# working with ipc for first time



## gladerunner (Jan 24, 2009)

Im in philadelphia were we have our own specific code. I took a job in a area outside of philly that uses IPC. It's a new supermarket with a huge amount of plumbing. Just bought the code book. (wow it's big. 500 pages with commentary). Just giving you guys a heads up that I'm probably going to be hammering you with questions. Or I might just read the code. not sure yet


----------



## ranman (Jan 24, 2010)

yep I know how you feel. the commentary is a big help 
I was under IPC in mi. when i moved to az it is UPC. now most of the state is going to ipc.


----------



## plbgbiz (Aug 27, 2010)

I think you'll like the commentary version. It's put together pretty well.


----------



## Michaelcookplum (May 1, 2011)

I love the IPC, need help understanding anything let me know. IPC is a lot more lax then the UPC. I'm sure your Philly code is more similar to the UPC then the IPC, you will be happy you took on this job!


----------



## AllAces777 (Nov 23, 2010)

Just what the industry needs, a more lax code! 

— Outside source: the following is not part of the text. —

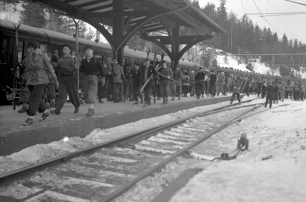 Titel: Skidresenärer. Troligtvis i Tullinge.

I've spent alot of time in meetings where a few people try to change us over to IPC, spent time in seminars comparing codes and taken the inspectors exam which was given in the IPC even though the location uses UPC. There are quite a few things in the IPC that made my eyes pop out of my head but one of the biggest comparisions was that with IPC you needed a lot of accompanying reference books and with UPC you didn't, back in 97 any ways. Now days the UPC is getting to be just as bad, instead of covering a topic very well they are starting to reference other books instead. It seems with each new version, they are getting closer to the IPC. :thumbup:


----------



## TX MECH PLUMBER (May 27, 2011)

In Texas we use ethier IPC. Or UPC. They state's test is made for both I studied UPC .... Are the differences that big from code to code????


----------



## gladerunner (Jan 24, 2009)

Michaelcookplum said:


> I love the IPC, need help understanding anything let me know. IPC is a lot more lax then the UPC. I'm sure your Philly code is more similar to the UPC then the IPC, you will be happy you took on this job!

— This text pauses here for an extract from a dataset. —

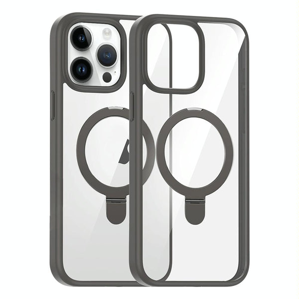 For iPhone 15 Pro High Transparency MagSafe Holder Phone Case(Titanium Gray)
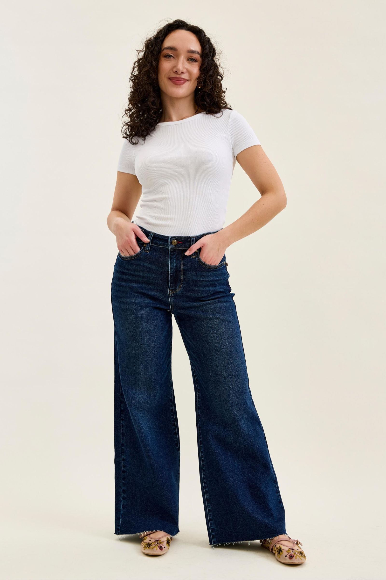 The high waist creates a flattering silhouette, and the wide leg fit brings that effortless, on-trend look. Finished with a raw hem for a touch of edge, these jeans are perfect for dressing up with a heel or keeping it casual with sneakers.

 Philly code is unlike anything you'll ever come across. We use a one pipe system that allows single small fixture waste (2" or less) to extend 12' from vented line without need for additional venting. Larger lines (3-4") for water closets can extend 8'. Branch for 4" ideal bend with 2 small fixtures connected can be 4' from vented stack and connected fixtures can extend 12' from closet bend. It's really simple. Our code book is 96 pages with a few of those pages being blank or just pictures.


----------



## gladerunner (Jan 24, 2009)

Just want eveyone to know we passed our underground with no problems. I even read some of the code book


----------



## Tommy plumber (Feb 19, 2010)

gladerunner said:


> Just want eveyone to know we passed our underground with no problems. I even read some of the code book


 




Congratulations.


----------



## Michaelcookplum (May 1, 2011)

Should have taken pictures, good job though!


----------



## smoldrn (Oct 4, 2010)

I've never been a big fan of the IPC. I think they just dumbed down the code when they came out with that. I still have the Southern Standards code in my head.:whistling2:


----------



## sikxsevn (Jun 23, 2009)

smoldrn said:


> I've never been a big fan of the IPC. I think they just dumbed down the code when they came out with that. I still have the Southern Standards code in my head.:whistling2:


Makes me wonder what those of us That have been working with IPC their whole careers are missing


----------